Exercise aim: Repeat the lines from the one containing "1月12日,在復旦大學附屬華" through the last line of the data, exactly, pictures omitted.

Data provided:
++++++++++
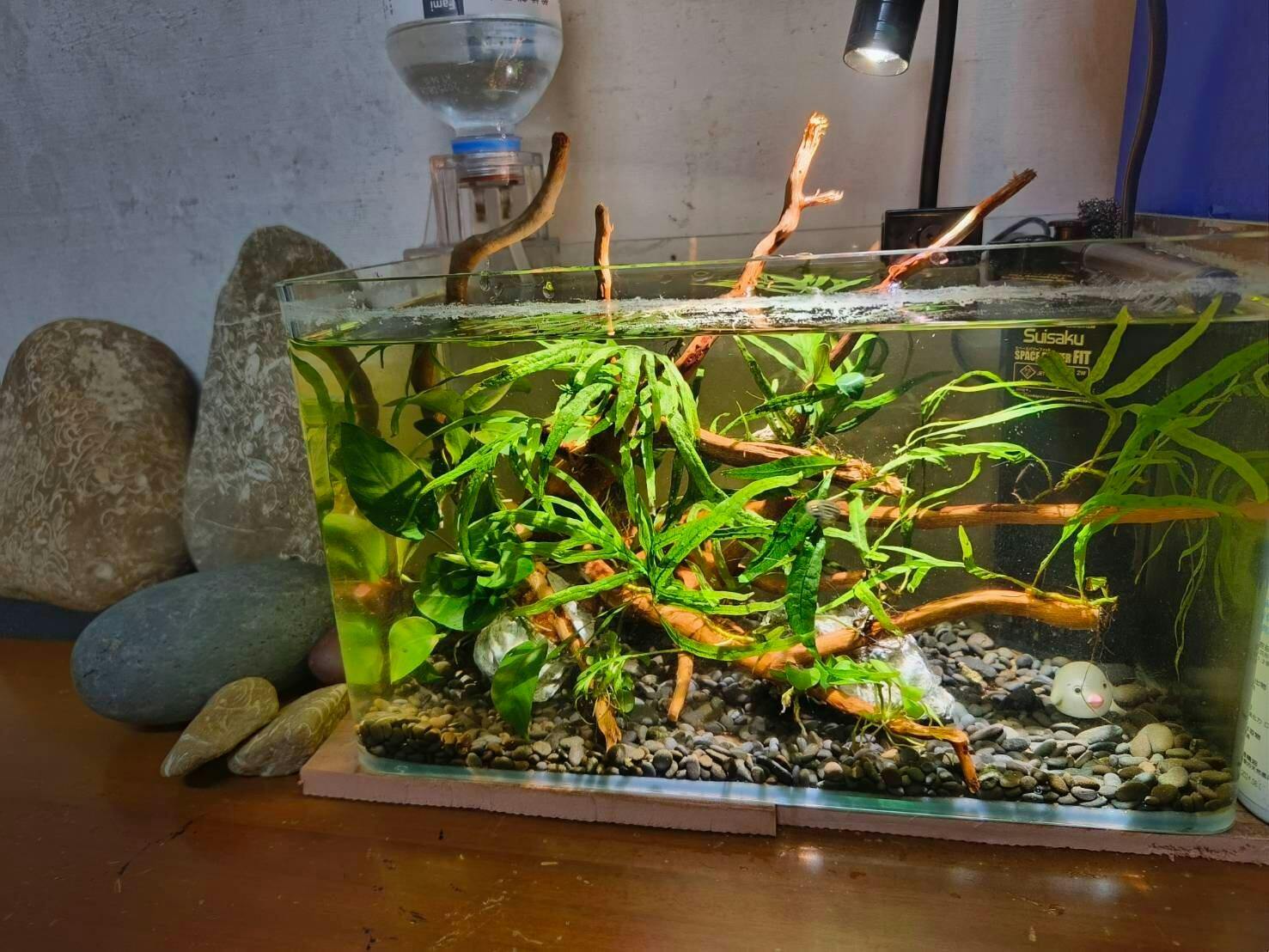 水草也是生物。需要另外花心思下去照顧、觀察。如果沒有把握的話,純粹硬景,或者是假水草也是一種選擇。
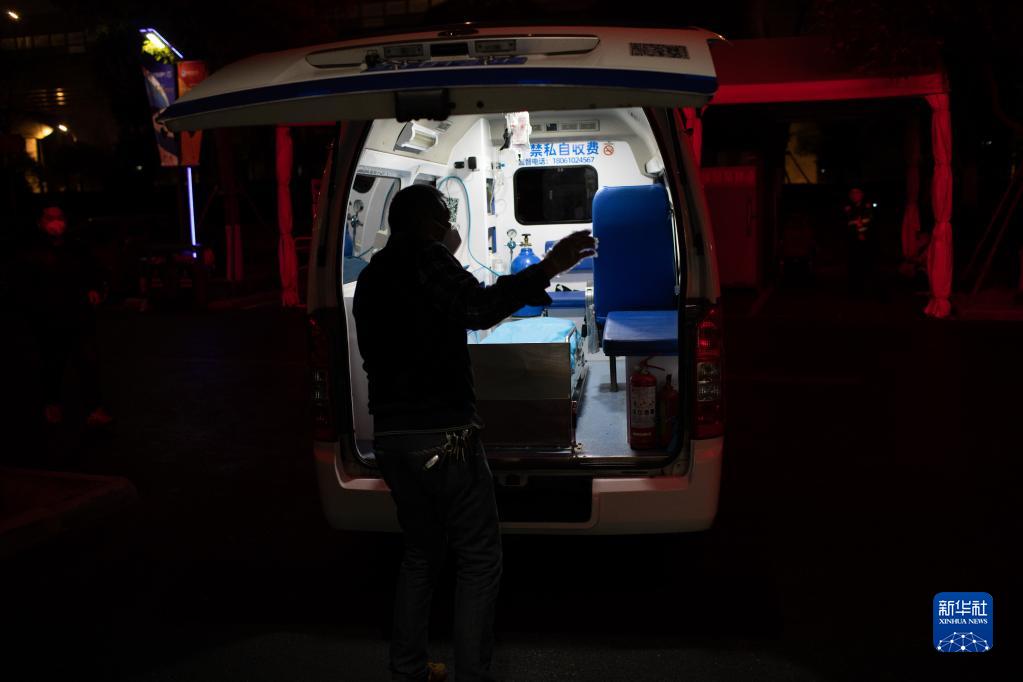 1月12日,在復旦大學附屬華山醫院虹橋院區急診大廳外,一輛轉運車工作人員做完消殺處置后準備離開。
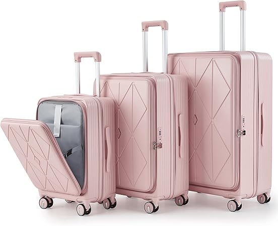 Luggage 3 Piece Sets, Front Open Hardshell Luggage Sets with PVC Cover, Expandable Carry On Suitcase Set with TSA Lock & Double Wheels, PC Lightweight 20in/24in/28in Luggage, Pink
++++++++++
Expected answer:
 1月12日,在復旦大學附屬華山醫院虹橋院區急診大廳外,一輛轉運車工作人員做完消殺處置后準備離開。
 Luggage 3 Piece Sets, Front Open Hardshell Luggage Sets with PVC Cover, Expandable Carry On Suitcase Set with TSA Lock & Double Wheels, PC Lightweight 20in/24in/28in Luggage, Pink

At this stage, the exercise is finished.